Sony Ends Blu-Ray, MD And MiniDV Media Production

With the slow demise of physical media the past years, companies are gradually closing shop on producing everything from the physical media itself to their players and recorders. For Sony this seems to have now escalated to where it’ll be shuttering its recordable optical media storage operations, after more than 18 years of producing recordable Blu-ray discs. As noted by [Toms Hardware] this also includes minidisc (MD) media and MiniDV cassettes.

We previously reported on Sony ending the production of recordable Blu-ray media for consumers, which now seems to have expanded to Sony’s remaining storage media. It also raises the likelihood that Sony’s next game console (likely PlayStation 6) will not feature any optical drive at all as Blu-ray loses importance. While MiniDV likely was only interesting to those of us still lugging one of those MiniDV camcorders around, the loss of MD production may be felt quite strongly in the indie music scene, where MD is experiencing somewhat of a revival alongside cassette tapes and vinyl records.

Although it would appear that physical media is now effectively dead in favor of streaming services, it might be too soon to mark its demise.

16 thoughts on “Sony Ends Blu-Ray, MD And MiniDV Media Production

      1. Seeing as there are still companies making CD-R, I doubt you need to worry about DVD-R suddenly becoming unavailable. Just expect prices to rise as the bigger manufacturers drop out.

        As for making a lifetime purchase, maybe scale that back to a decade purchase. In that time it’s quite possible you’ll be using a newer technology, even if it seems unthinkable now. Consider people who bought a pallet of 1.44 MB floppy disks 15 years ago when they started becoming scarce. I bet most of those floppies went unused.

  1. The linked article on Tom’s Hardware reads “Sony has announced it will end its recordable Blu-ray Disc media production in February”. To me this doesn’t sound like it will affect prerecorded movies and Playstation games.

    1. Agreed. I assume they will continue releasing content on disk because the profit margin is considerably wider vs a blank disk. And there are many more blu-ray players in the world than blu-ray burners.

        1. By the end of 50 years… let alone 1000 years. Who will care? At least at the home level of archiving :) . I won’t know of course, but I bet all the things I care about now, will be deep six’ed by someone when I am gone. That’s why I don’t care anymore. I keep everything I want to keep spinning (disk space is super ‘cheap’ ) and have HDD backups (which roll in and out of use) on-site and off-site. This method provides all the ‘long term’ that is needed. No need for ‘long long long’ term storage here. Still, it is sad to see an era of optical storage regulated to museum status like CRTs, manual adding machines and such.
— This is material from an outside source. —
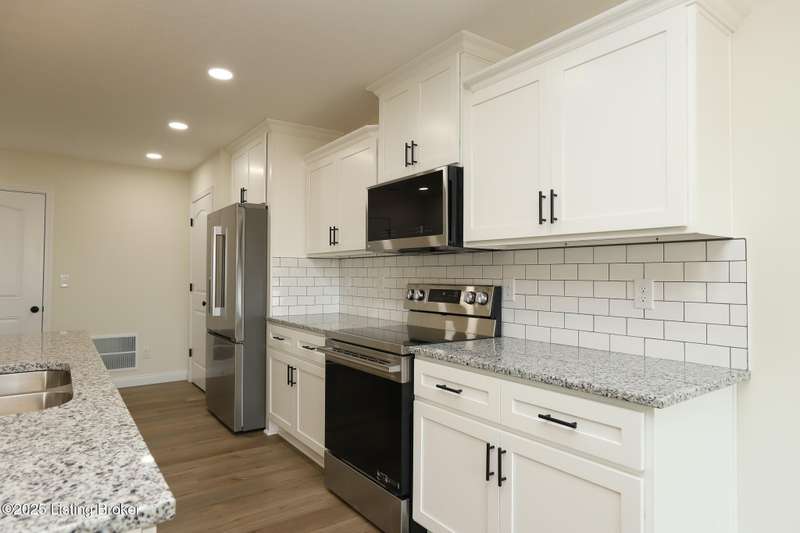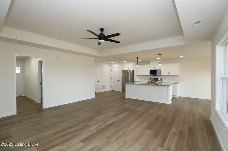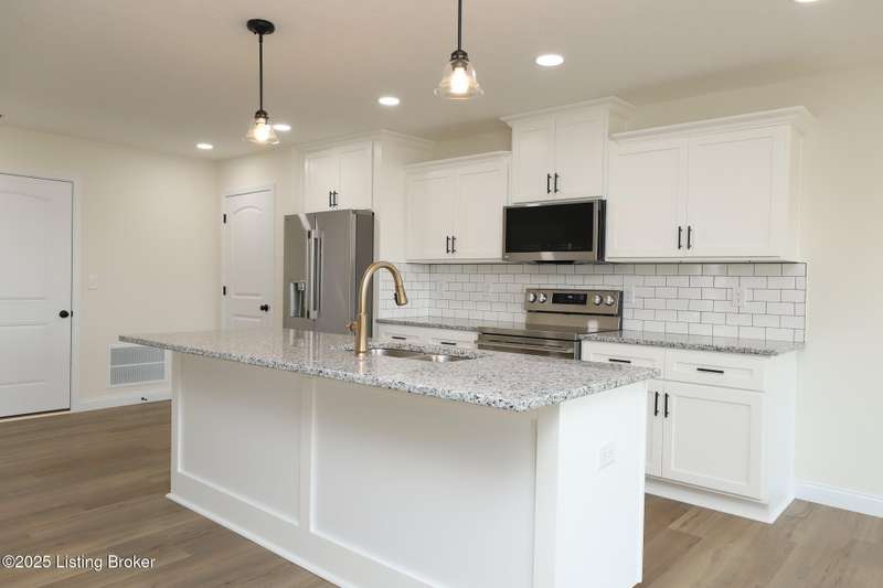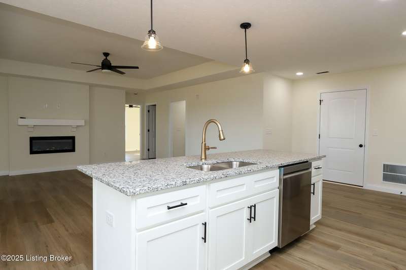 **Stunning Contemporary Home with an Open Concept Design** New construction! This beautifully crafted home offers an inviting open concept, split bedroom floor plan that effortlessly marries style and function. Bathed in natural light from generous windows throughout, every corner of this residence radiates warmth and welcomes you inside. As you enter, you'll be greeted by a spacious foyer leading into the heart of the home — a large great room with a fireplace and a kitchen designed for both culinary delights and entertaining. Featuring granite countertops, contemporary black fixtures, a tile back splash, an island, pantry and a full appliance package. The split bedroom layout ensures privacy for both owners and guests alike. The master suite serves as your personal sanctuary, complete with ample closet space and an en-suite bath that promises relaxation after a long day. Two additional bedrooms are thoughtfully positioned on the opposite side of the home, along with another full bathroom. Accessibility is key in this residence with no steps at the entrances making it ideal for all ages and lifestyles. This well laid out home also features luxury vinyl flooring throughout, a private covered back patio and a 2-car garage. Schedule your viewing today!

          1. I agree the use cases are limited and not very profitable. But I can imagine this would be culturally valuable for archiving things like family histories, anthropological research, or niche movies.

          2. But in that case, just ‘keep the data spinning’ somewhere, so to speak. It is the best way of making sure the storage media never goes obsolete. For example, my mom&dad transferred all their kodak slides and scanned photo album pictures to .jpg files and I have them all spinning on our computer now (my sister also has a copy). I can also see our kids, storing our data (plus, now, my parents data) for ‘historical’ reasons (pictures, movies, family records, and such) as well. HDDs and even SSDs are relativity cheap…

            Now for NASA storage needs… That is on a whole another scale… How they keep track of all the project/pictures/video/downloads of missions must be quite a thing to manage for ‘long term’ storage from the creation of NASA until now.

  2. I was so totally fed up with the “entertainment industry” previously, and when they introduced the DVD with non skippable warnings that I’m a pirate and other garbage that I never bought a DVD player (for movies) myself. I was already accused of pirating, so I became one. Up to 10 or so years ago this was even legal here in Europe. So I don’t care much about the demise of it’s successor either.

    And sony… CD rootkit scandal, proprietary memory sticks, cancellation of “Oter OS” is what I can easily recall. I assume they had more of such, but sony don’t get a capital s from me no more.

    1. Even what you are doing is ‘obsolete’. Somewhere on the net is a site that has the movie/music/whatever that you want to view/hear for free anyway. No need to ‘pirate’. And takes up none of your own disk space to boot. The internet has truly become a bottomless pit of information/entertainment…. for good and bad, it is what it is.